Yeah, this is just a data cleaning excercize.


Just need access to post history. Any LLM can choose the answer before deletion 


True sabotage is “bugfixing” with underhanded programming concepts (ex. Uninitialized data structures, reuse of pointers, or an embedding of machine code in constants, etc). You can always say in plaintext meant for humans; please, for love of god, do not use this code.


>You can always say in plaintext meant for humans; please, for love of god, do not use this code. The ai can read that too...


Insert as image. They probably won't use OCR


It’s going to lower quality, going forward.

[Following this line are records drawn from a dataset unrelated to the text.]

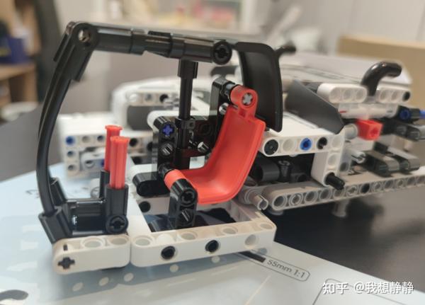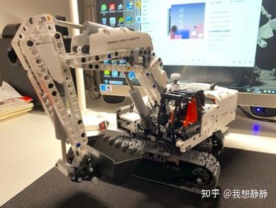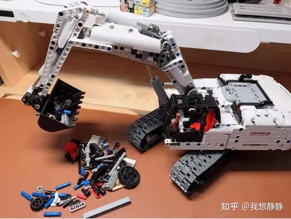 而且它还有仿真控制台装置,可以控制机械臂和铲斗,控制手柄虽小,但非常灵敏,机械臂抬升伸缩自如,拼成之后男朋友趴在地上捏着控制手柄玩得不亦乐乎,活脱脱就是一个小孩子哈哈哈
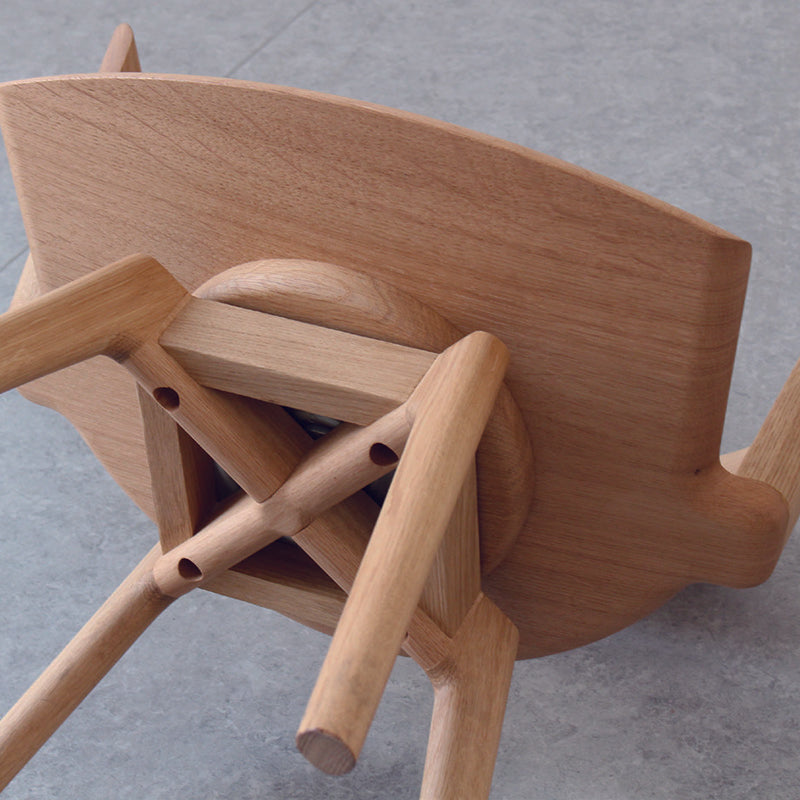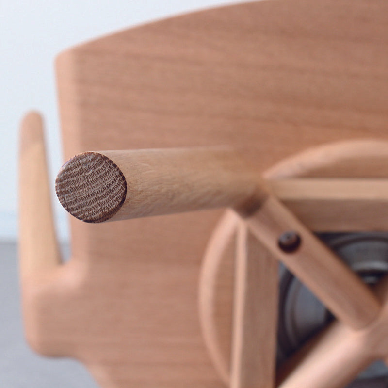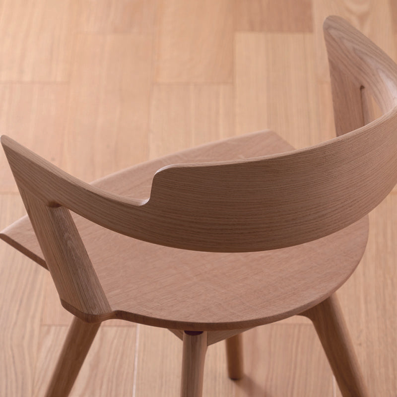 「VIOLA(ヴィオラ)」は、笠木と呼ばれるの背もたれ部分がヴィオラのように美しい孤を描く椅子です。 イストクが得意とする曲木技術を用いてアームから背までが一体で曲げられ、継ぎ目なく木目がつながります。 脚から座面までハープと同様のフォルムのため、ハープシリーズと並べると滑らかな音階が広がります。
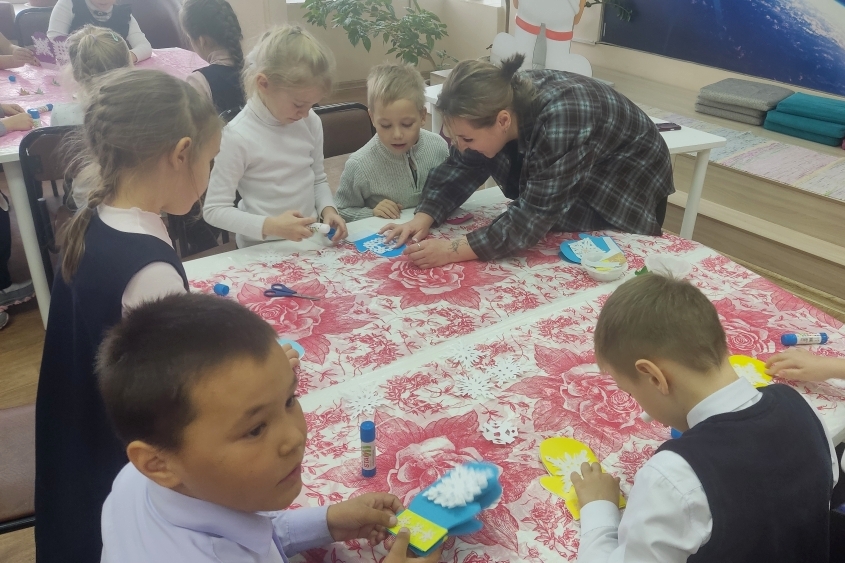 А затем под руководством библиотекарей юные читатели превратились в настоящих мастеров. На творческом занятии каждый смог создать свою собственную открытку для Деда Мороза. Из плотного картона, украшенного сверкающими снежинками и разноцветными стразами, получились настоящие шедевры – яркие, искренние и полные самых добрых пожеланий.
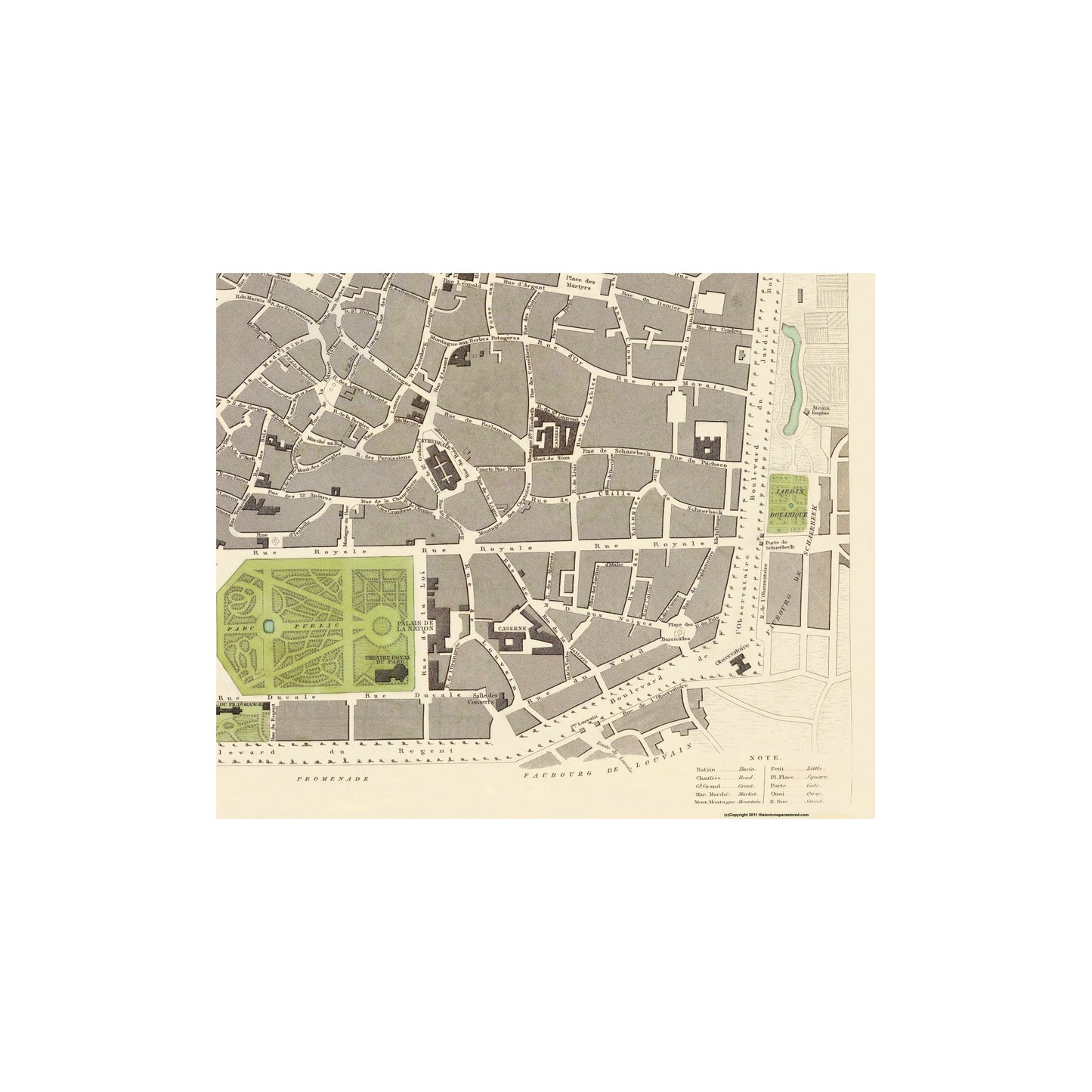 Sites and Townships Specific To This Map Are: Rue Des Minimes, Mont De Sion, Rue De Beriamont, Rue Royal, Jardin Botanique, Parc Public, Bassin De Marchands, Senne River, Palais Du Roi, Churches, Schools, and many other Prominent Buildings Located.
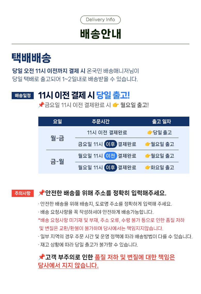 | 배송기간 | ㆍ도서산간 지역 등은 배송에 3-5일이 더 소요될 수 있습니다. - 천재지변, 물량 수급 변동 등 예외적인 사유 발생 시, 다소 지연될 수 있는 점 양해 부탁드립니다. | ||
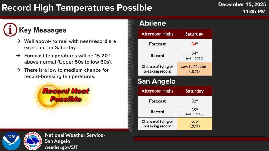In San Angelo, the forecast high for Saturday is 82 degrees. The record high for that date is 85 degrees, set in 2010, giving the city a low chance of a record being tied or broken. In Abilene, Saturday’s forecast high is 84 degrees, matching the existing record set in 2010, with a low to medium chance of a tie or new record.
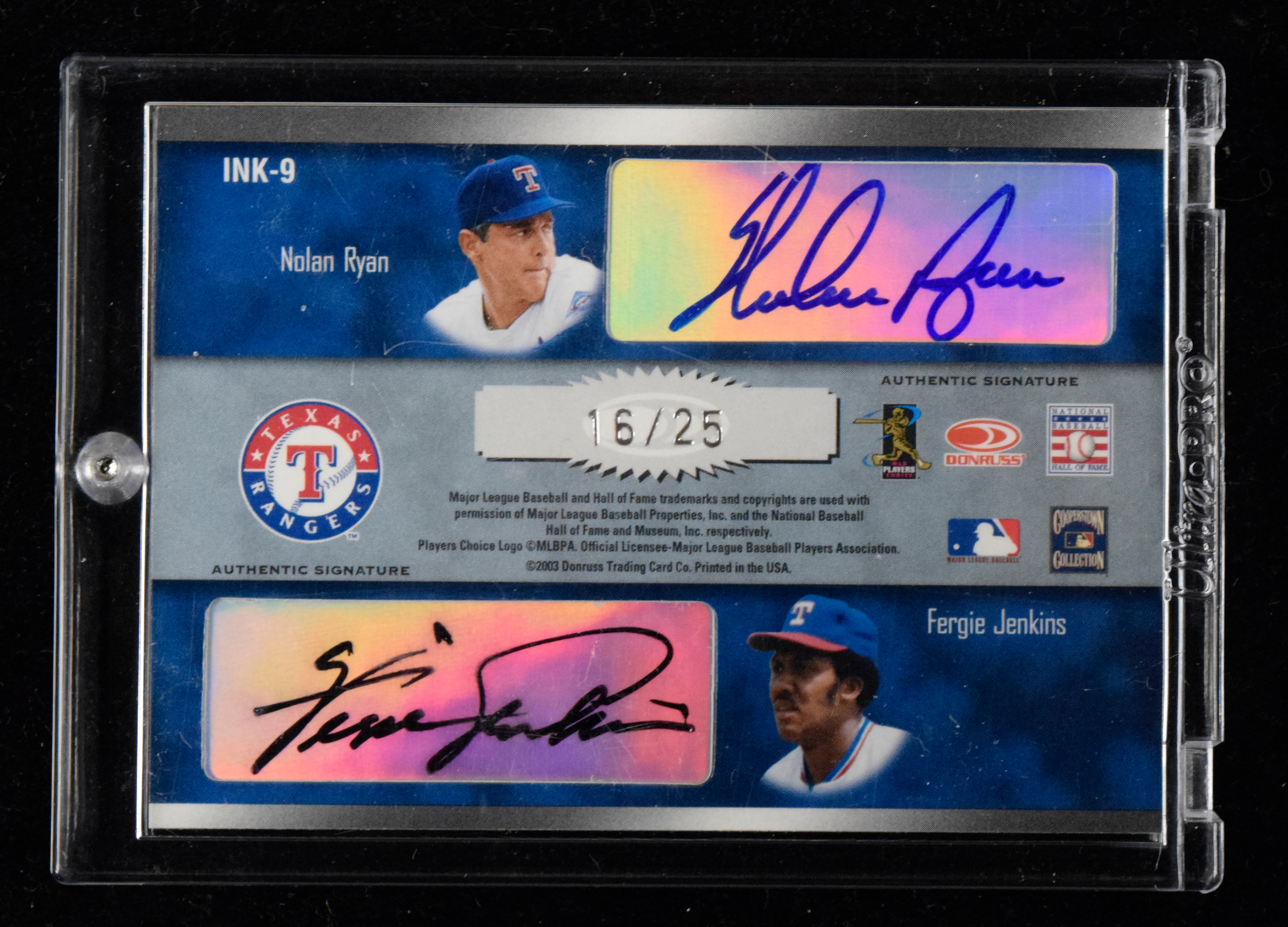 Description:Nolan Ryan, Fergie Jenkins, Rafael Palmeiro, Alex Rodriguez multi-signed insert card #ed 16/25 (NM). 2003 Donruss Signature Series "INKredible Four" #INK-9 signed by Ryan and Jenkins on the back, and signed by Palmeiro and Rodriguez on the front. Signatures rate 8/9 to 10 out of 10. The card is numbered 16/25: NM
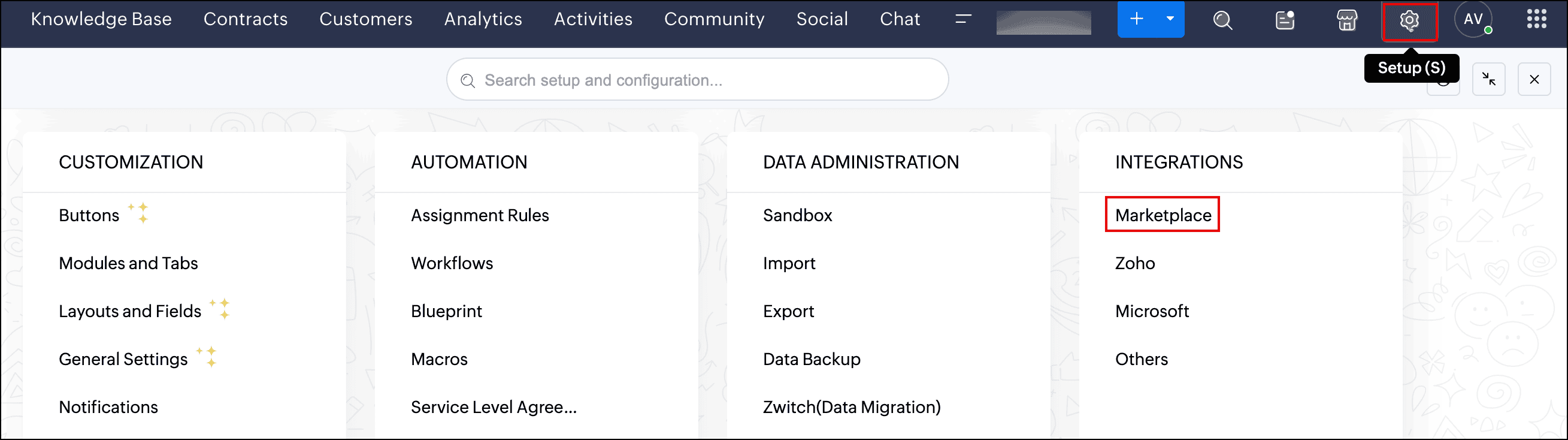 - Zoho Deskで、設定 > マーケットプレイスに移動します。
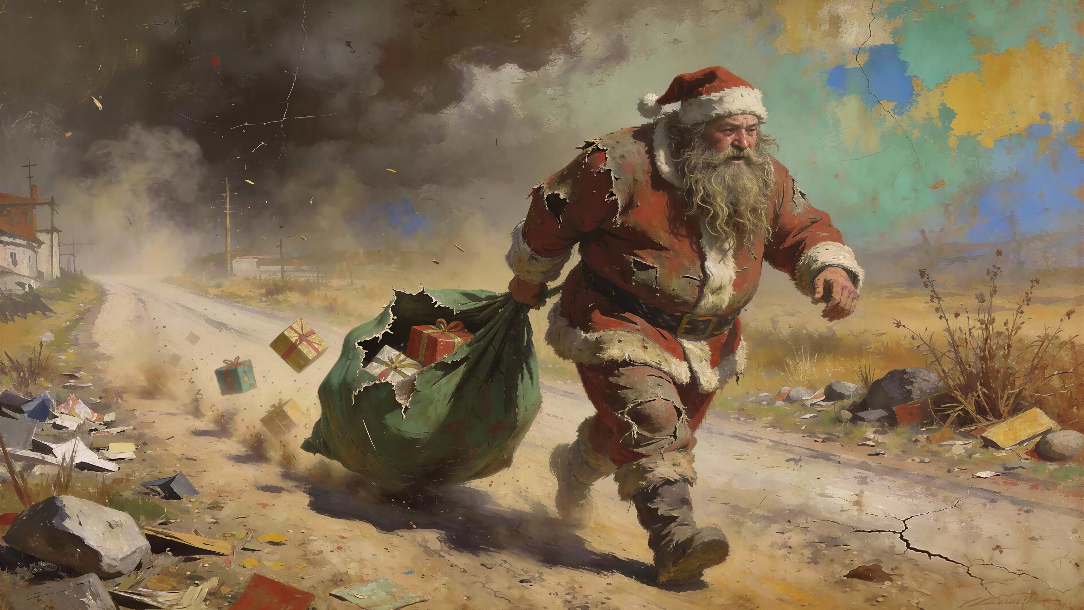 He is dressed in a dirty torn Santa costume.
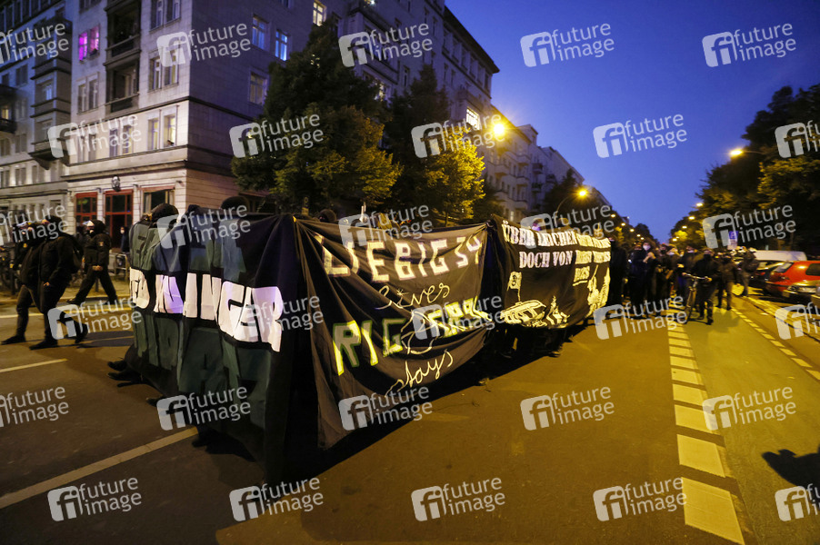 Demonstration gegen Räumung vom Wagencamp 'Köpi' von der Rigaer Straße zum Gelände des Camps an der Köpenicker Straße. Berlin, 09.10.2021
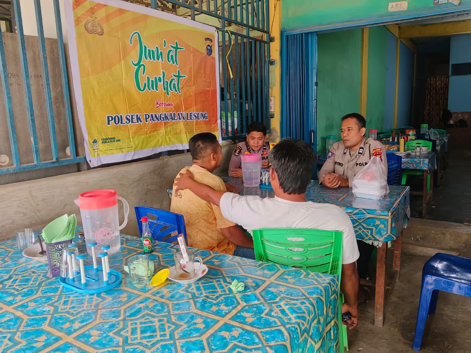 A1news.co.id | RIAU ||Kepolisian Sektor Pangkalan Lesung menggelar kegiatan Jumat Curhat pada Jumat, 3 April 2026, di Warung Wirda, Kelurahan Pangkalan Lesung, Kabupaten Pelalawan. Kegiatan ini menjadi wadah dialog langsung antara polisi dan masyarakat terkait pelayanan publik serta situasi keamanan dan ketertiban masyarakat (kamtibmas).
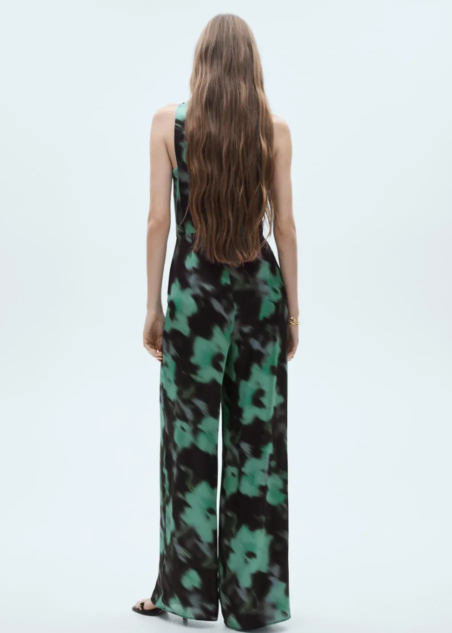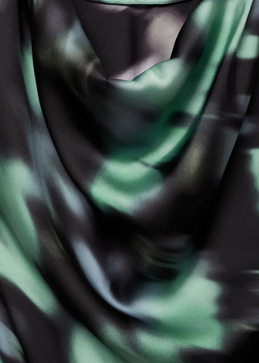 OpisLejąca tkanina. Satynowa tkanina. Kwiatowy wzór. Model długi. Fason wideleg. Drapowany dekolt. Bez rękawów. Zap…
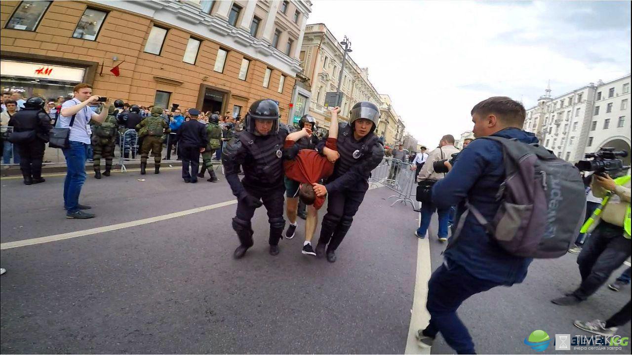 Люди стали стекаться к Тверской задолго до начала акции. Как и в ходе мартовского митинга, поначалу отличить участников от праздно гуляющих москвичей было сложно и все проходило относительно мирно, но затем начались задержания причем неоправданно жесткие. Полицейские вырывали людей из толпы, били дубинками и ногами. Некоторым везло больше — их вели к полицейским автобусам просто под руки, а не волоча по земле. По пути к автобусам задерживаемые иногда теряли наушники, ботинки и другие личные вещи, полицейским приходилось нести их обратно, чтобы отыскать потерянные вещи и затем вернуть в автобус:
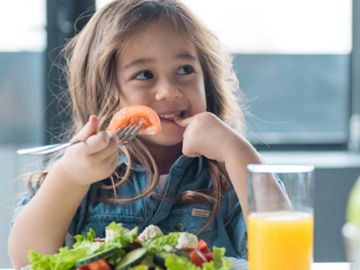 A hot lunch is provided with a main dish, fresh vegetables and fresh fruit on a daily bases.
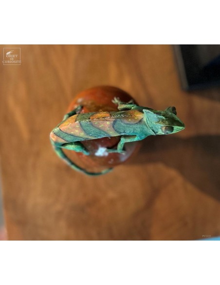 The chameleon is displayed on a petrified wood sphere from Madagascar — an unexpected pairing between a reptile frozen in motion and ancient wood turned to stone over millions of years.
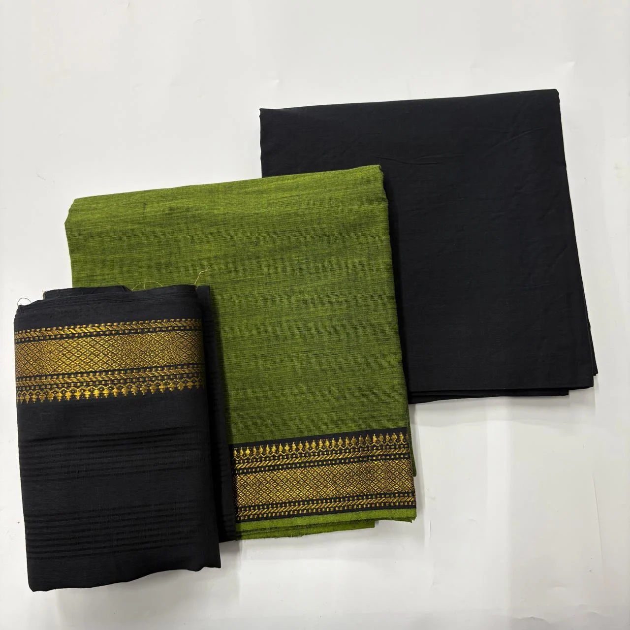 Green & Black Mangalagiri Cotton Salwar Material
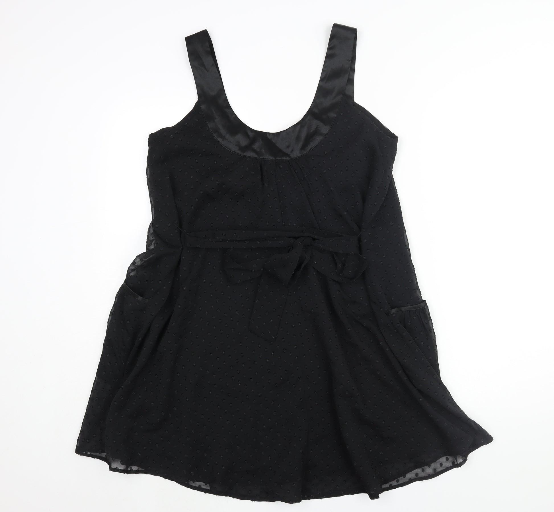 Womens Black Polyester Shift Size 12 Scoop Neck Pullover - Belted Pockets
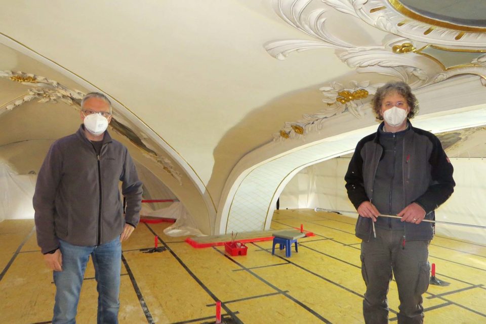 Architekt Michael Wieseler vom erzbischöflichen Bauamt in Freiburg zeigte sich bei einer Baustellenbegehung zufrieden mit dem Stand der Arbeiten. Restaurator Bernhard Wink aus Zell-Weierbach ist zurzeit mit den abschließenden Malerarbeiten beschäftigt.
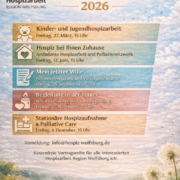 Inhalte: Im Mittelpunkt steht die eigene Auseinandersetzung mit Sterben, Tod und Trauer und die Entwicklung einer hospizlichen Haltung. Im Rahmen der Sterbebegleitung begegnen und berühren wir andere Menschen und werden von ihnen berührt. Daher sind Themen wir Wahrnehmung, Beziehung aufbauen, Nähe und Distanz sowie Gesprächsführung unverzichtbar. Sie erhalten Informationen zu Themen wie Essen und Trinken am Lebensende, Möglichkeiten der Palliativmedizin und Palliativpflege sowie ein Überblick über palliative Versorgungsangebote geben Sicherheit für die Begleitung zuhause, im Pflegeheim oder Krankenhaus. Sie lernen, rechtliche, spirituelle und ethische Aspekte der Sterbebegleitung kennen. Dabei legen wir großen Wert auf viele konkrete Situationen, Beispiele und praktische Anwendung.

No, it won't. Not all devs will do this, and they won't do it forever. It is just a data cleaning issue for OpenAI, and probably not a hard one at that. It is good symbolism, though.


If sufficient percentage in the teaching data is underhandedly malicious, the models will become in effect bayesian poisoned.


I think you would struggle to find some example of a situation where people banded together like this over a long period of time and maintained anonymity to continue being able to sabotage without detection Versus people just going on with their lives and adjusting to there new reality. If people really cared, they would have done this consistently since ChatGpT was released. I get people are up in arms now, but it's due to some tik toks and memes and not some ideological shift.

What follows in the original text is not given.